### Assignment
Return the lines below that contain the word "police".

### Entries supplied
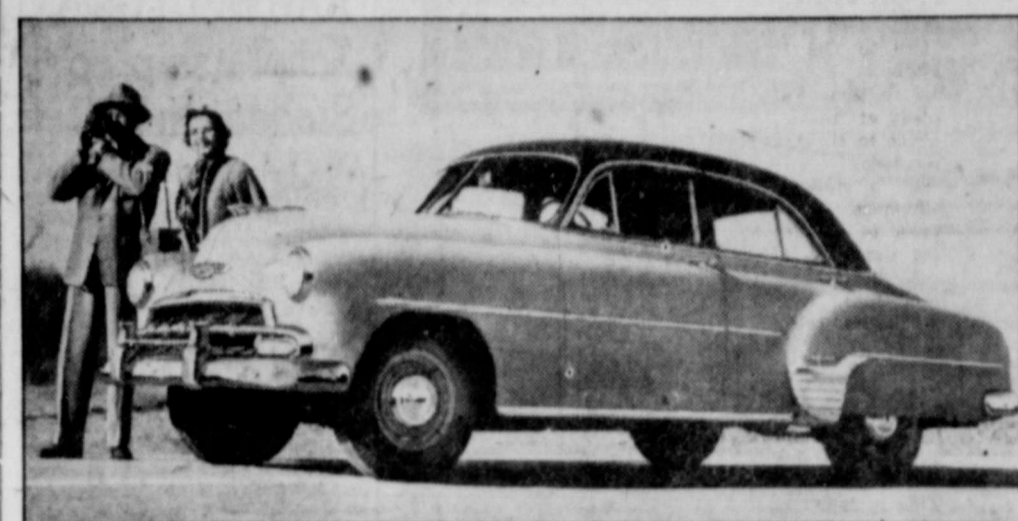
Chevrolet records indicate the four-door Styleline De Luxe sedan was the most popular body model in the country in 1951. Above, it is shown in its 1952 design, more striking in appearance and improved in performance over earlier models. Headlining some notable contributions to motoring pleasure are smoother riding qualities and responsive performance under all sorts of weather conditions.
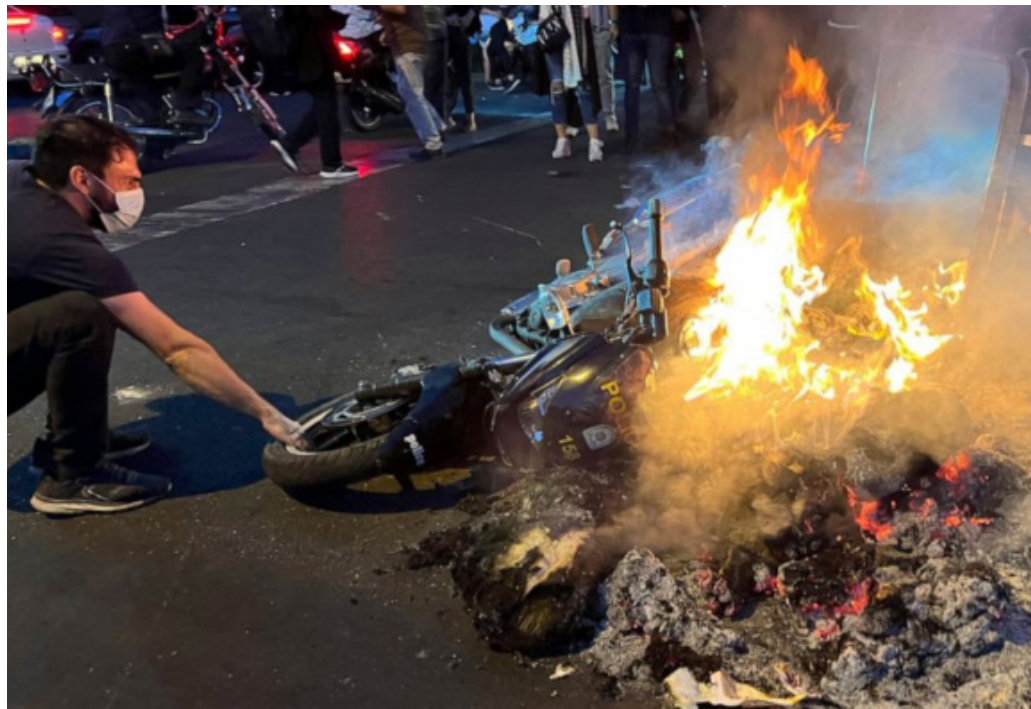
A police motorcycle is burned at a demonstration in Tehran.

In all the previous uprisings, the police were not directly the target of the ire of people. Not this time. They are the baddie this time, and people are out for their blood. This wears them down physically and mentally, which we take as good news.
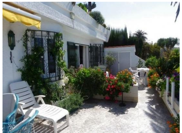
Majestic long terrace at the Community Garden
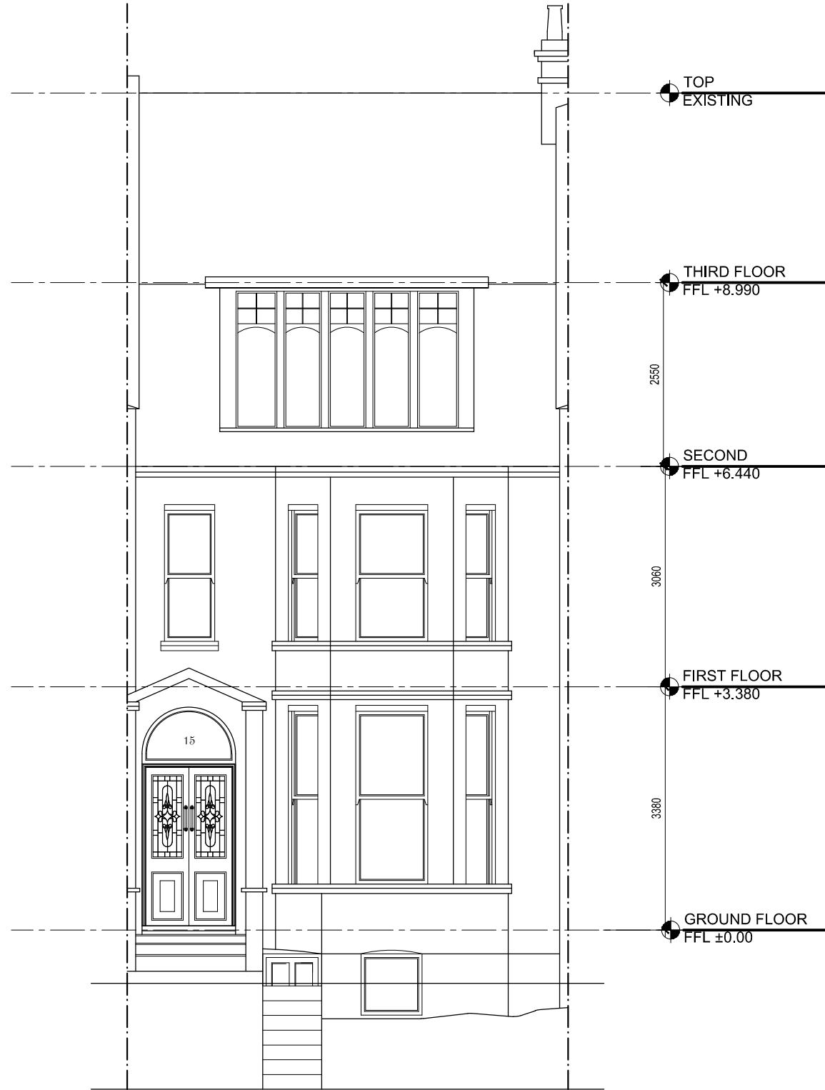
EXISTING FRONT ELEVATION SCALE: 1:75
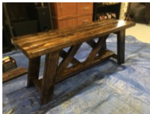
The finished product! Ephesians 2:10
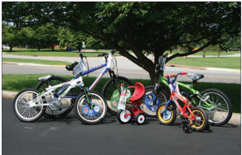
Some lucky children will be taking home brand new bicycles! The bikes range in size from a Radio Flyer tricycle for tiny tots up to a 24-inch six-speed mountain bike.

The Youth Corner will again include activities for children of all ages. Louie the Lightning Bug, face-painting and giant inflatables will be available for the entertainment of smaller children, and older kids can register to win bicycles and gift cards.
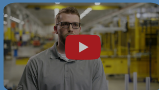
JR Automation Engineering (2:26)
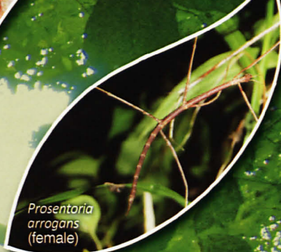
Prosteraria arrogans (female)
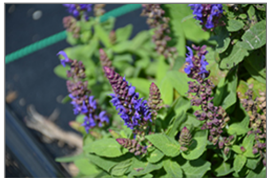
Swifty Violet Blue Meadow Sage flowers
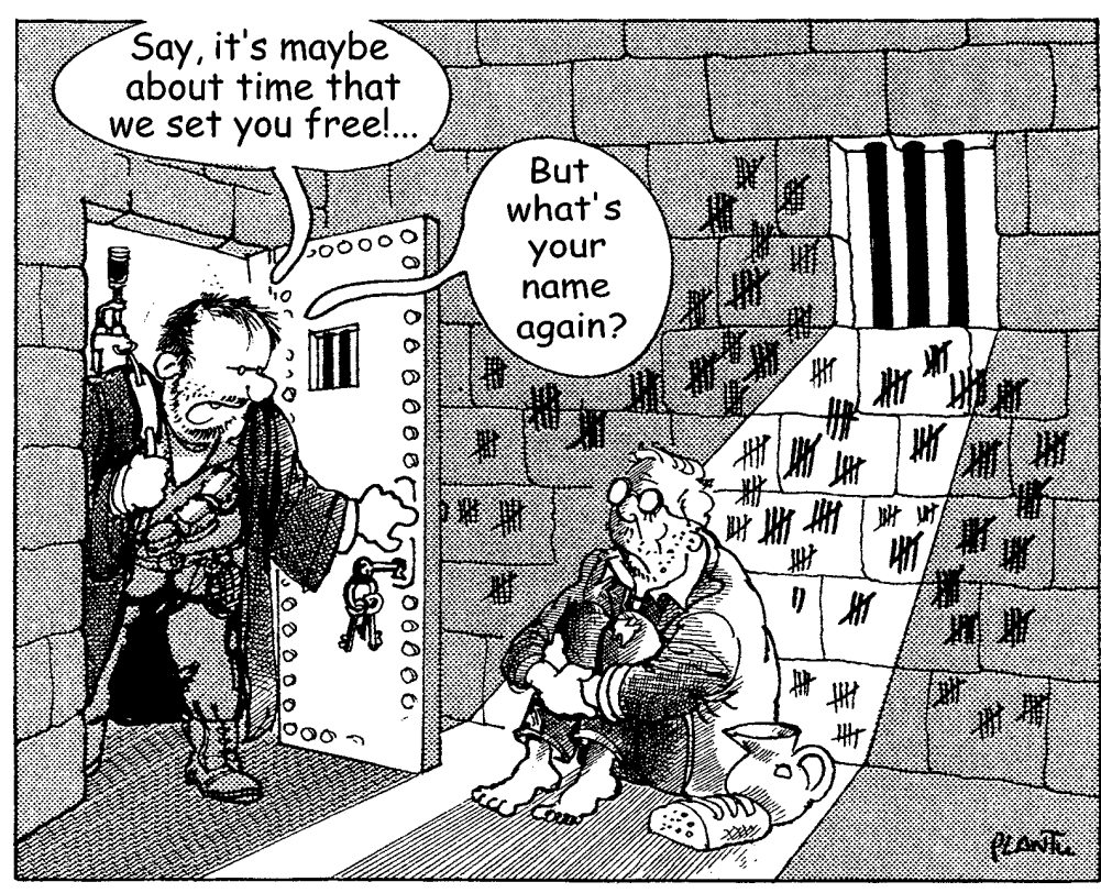
PRODUCED BY THE SUPPORT COMMITTEE FOR VINCENT COCHETEL
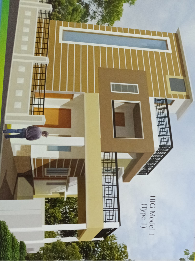
HIG Model 1 (Type 1)
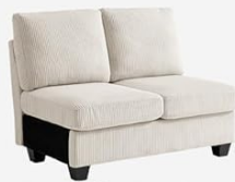
Double Seater Carton B *1

### Answer below
A police motorcycle is burned at a demonstration in Tehran.
In all the previous uprisings, the police were not directly the target of the ire of people. Not this time. They are the baddie this time, and people are out for their blood. This wears them down physically and mentally, which we take as good news.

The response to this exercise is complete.